The consensus sequence of the rRNA cluster of K. hexapunctata was assembled from sequences AB693042, AB902954, AB902955, AB902956, AB902957, LC200462, LC200463, LC200464, LC200465, LC200466, LC200467, LC200468, LC200469, LC200470, LC200471, LC200472, LC200473, LC200474, LC200475, LC200476, LC200477, LC381991, LC381992, LC381993 [65,66,67,68].

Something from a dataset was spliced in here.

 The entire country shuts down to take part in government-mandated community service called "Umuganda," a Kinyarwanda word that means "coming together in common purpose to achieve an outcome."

Similarly, the consensus sequence of the rRNA cluster of K. septempunctata was assembled from sequences AB553293, AB617628, AB617629, AB643791, AB643792, AB643793, AB643794, AB643795, AB643796, AB643797, AB693040, AB731754, AB731755, JQ302299, LC028894, LC037195, LC037196, LC037197, LC037198, LC037199, LC037200, LC037201, LC037202, LC128640, LC128641, LC128642, LC128643, LC616853, LC616854 [19, 65, 69,70,71,72,73,74,75]. Finally, the sequence LC066366 [76] was used to represent K. iwatai from Japan.

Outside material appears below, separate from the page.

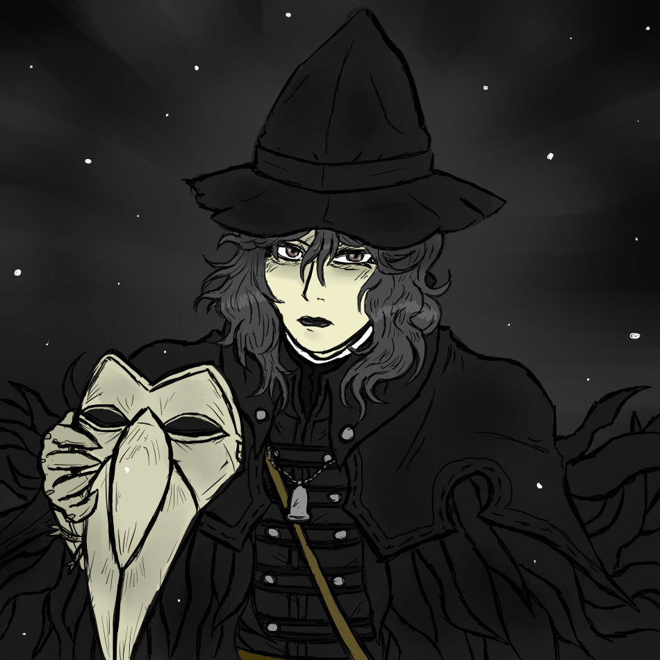 Description: A drawing of a person wearing a hat and holding a mask in front of a night sky with stars.

For all consensus sequences, the start and end of the rRNA genes were determined using sequences search against the Rfam database [77] available at https://rfam.org/search#tabview=tab1 (last accessed 29 May 2023).

Sequence alignments

Three phylogenetic datasets were analyzed: 18S rRNA, 28S rRNA, and mt. The 18S rRNA and the 28S rRNA datasets were based on the genes identified from the rRNA cluster sequences obtained as described above. The mt alignment was based on the amino-acid sequences of the genes cob, cox1, cox2, nad1, and nad5: E. leei (LN868201-7); K. hexapunctata (LC009437); K. iwatai (LC009438, Japan); K. iwatai (LT671462, Israel); K. septempunctata (LC009436); K. septempunctata (AB731753); M. squamalis (MK087050); P. hydriforme (MN794187); and from this study: M. honghuensis; M. shantungensis; M. wulii; S. zaharoni and T. kitauei. Each protein-coding gene was aligned separately (see below) and then the five genes were concatenated in a single super matrix

The amino-acid and nucleotide (for rRNAs) sequences were aligned using MAFFT [56] as implemented in the Guidance 2 webserver version 2.02 [78]. The parameters for the mt alignments were: “100 bootstrap --maxiterate 1000 --localpair”. Unreliable column positions (i.e., positions with a reliability score below 0.93) were excluded, as well as columns that included > 50% gaps. The alignments are available in Additional files 68.

Phylogenetic analyses

Phylogenetic trees were reconstructed for the concatenated mt dataset and for each rRNA dataset using both ML and Bayesian approaches. The mt ML tree was reconstructed using IQ-TREE 2.2.2.6 [79] using model finder plus [80] and 1,000 non-parametric bootstraps (option: -m MFP -b 1000). The evolutionary models were chosen based on the corrected Akaike Information Criterion and were MTZOA + F + I + G4, GTR + F + G4, and the GTR + F + I + R3 for the mt protein-coding genes, the 18S rRNA and the 28S rRNA datasets, respectively. Bayesian phylogenies were inferred with the program Phylobayes-MPI-1.8 [81], under the CAT-GTR mixture model. For each dataset four chains were run in parallel for 95,000 iterations. Burn-in was set to 5,000 trees, and trees were sampled every 10 iterations. Convergence was assessed using the bpcomp and tracecomp programs (from the PhyloBayes package [81]) and visually by plotting the value of each parameter from the “.trace” files as a function of the number of iterations. Specifically, we verified that each parameter reached a plateau before the burnin threshold and that, for each of the three analyses, the maximum discrepancy (max_diff) observed across all bipartitions was below 0.05. Similarly, we verified that for all parameters the discrepancies (rel_diff) were below 0.15 and the minimum effective size (effsize) greater than 300 at the end of the run. Following Novosolov et al. [3] and Chang et al. [2] P. hydriforme was used to root the phylogenetic trees. Of note, we do not expect long-branch attraction or saturation to substantially affect the reconstructed tree because: (a) we employed models including CAT-GTR, which are known to minimize the chances of such phenomena [82]; (b) for the mt genes, we analyzed also amino-acid characters, which are less susceptible to saturation.